Education

Lexington parent files complaint with state agency over school board members’ texts

Lexington parent Rebekah Frazier said this week she filed a complaint with the Kentucky Registry of Election Finance that alleged Will Nash, a candidate for the first district Fayette school board seat, as well as school district officials, had violated state law.

Nash, who is running in the Nov. 5 general election to keep the seat he was appointed to last year, sent out individual, campaign-related text messages using parent contact information he received from an Open Records request filed with the district. District officials have said they should not have given that information to him.

Board chair Stephanie Spires has also said that as a school board member, Nash should have asked Superintendent Manny Caulk for the information instead of submitting an Open Records Request as a private citizen might. However, Spires said that the information was public.

Nash said he thought he was following proper procedure. But he has also apologized for the controversy and acknowledged that he made mistakes.

Frazier told the Herald-Leader Friday that she filed the complaint Oct. 16 alleging that Nash and the school district violated state law because “I just wanted someone else to review it.”

“I don’t know Mr. Nash personally but I am a parent in the first district and it generally just seemed like an abuse of power,” said Frazier. “I’m pretty sure that no one’s going to let me go get 11,000 names and addresses and send out whatever I want ... “

John Steffen, executive director of the Kentucky Registry of Election Finance, said it’s that agency’s policy to neither confirm or deny the receipt of a complaint until certain procedural requirements are met so he could not say whether a complaint had been filed.

Lisa Deffendall, Fayette County Public Schools’ spokeswoman, declined to comment.

Nash told the Herald-Leader Friday that he had not seen the complaint so he could not comment on its contents.

Frazier provided the Herald-Leader with a copy of the complaint which said, in part, that Nash’s use of the contact information to advance his campaign violated state law and that district officials erred by utilizing taxpayer resources to provide Nash with the information.

Although not mentioned in the complaint, Nash was also involved in another controversy during the campaign involving a mailer.

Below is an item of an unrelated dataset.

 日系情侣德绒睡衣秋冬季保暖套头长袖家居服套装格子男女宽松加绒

Nash sent out a survey mailer using the district’s preferred mailing rate.

Spires has said in sending what Nash has described as a non-campaign mailer, Nash did not contact a postmaster to see if he could use the district’s mailing rate as the board counsel recommended and instead used the advice of someone from the direct mailing service he had hired. Nash did use the district’s preferred mailing rate on the survey, which he said was not a campaign survey.

Nash and school district officials have said that no public tax dollars were used for the mailer. He said Friday that he had reimbursed the postal service for the discount. Prior to the controversy, Nash distinguished himself by calling for more fiscal transparency in the Fayette school district.

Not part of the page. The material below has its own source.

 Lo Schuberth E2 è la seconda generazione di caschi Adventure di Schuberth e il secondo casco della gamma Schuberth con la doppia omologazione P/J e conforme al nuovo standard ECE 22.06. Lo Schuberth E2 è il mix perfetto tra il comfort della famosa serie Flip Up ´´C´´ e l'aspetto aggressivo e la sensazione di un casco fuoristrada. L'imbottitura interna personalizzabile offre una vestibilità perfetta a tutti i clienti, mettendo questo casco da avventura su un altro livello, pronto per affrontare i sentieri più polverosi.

Nash is opposed in the first district by Christy Morris, who recently asked for an investigation of Nash’s campaign actions.

Herald-Leader archives show that Nash had an election controversy in 2005 when he was a University of Kentucky student seeking the Student Government Association presidency.

Nash was elected president, but an appeals board ruled that he had violated a campaign spending rule by using a UK tax exemption number to buy campaign supplies and that his opponent should be president, Herald-Leader archives said. UK spokesman Jay Blanton was quoted as saying at the time that the violations involved about $16 and UK would not investigate or take action against Nash.

After a protracted battle, another panel, the University Appeals Board, reinstated Nash. But Nash’s opponent was ultimately successful in Fayette Circuit Court in maintaining the presidency.

“As I remember the UK issue,” Nash said Friday, “the vendor offered a discount of a few dollars and I naively accepted it. I was 21 and a junior in college at the time.”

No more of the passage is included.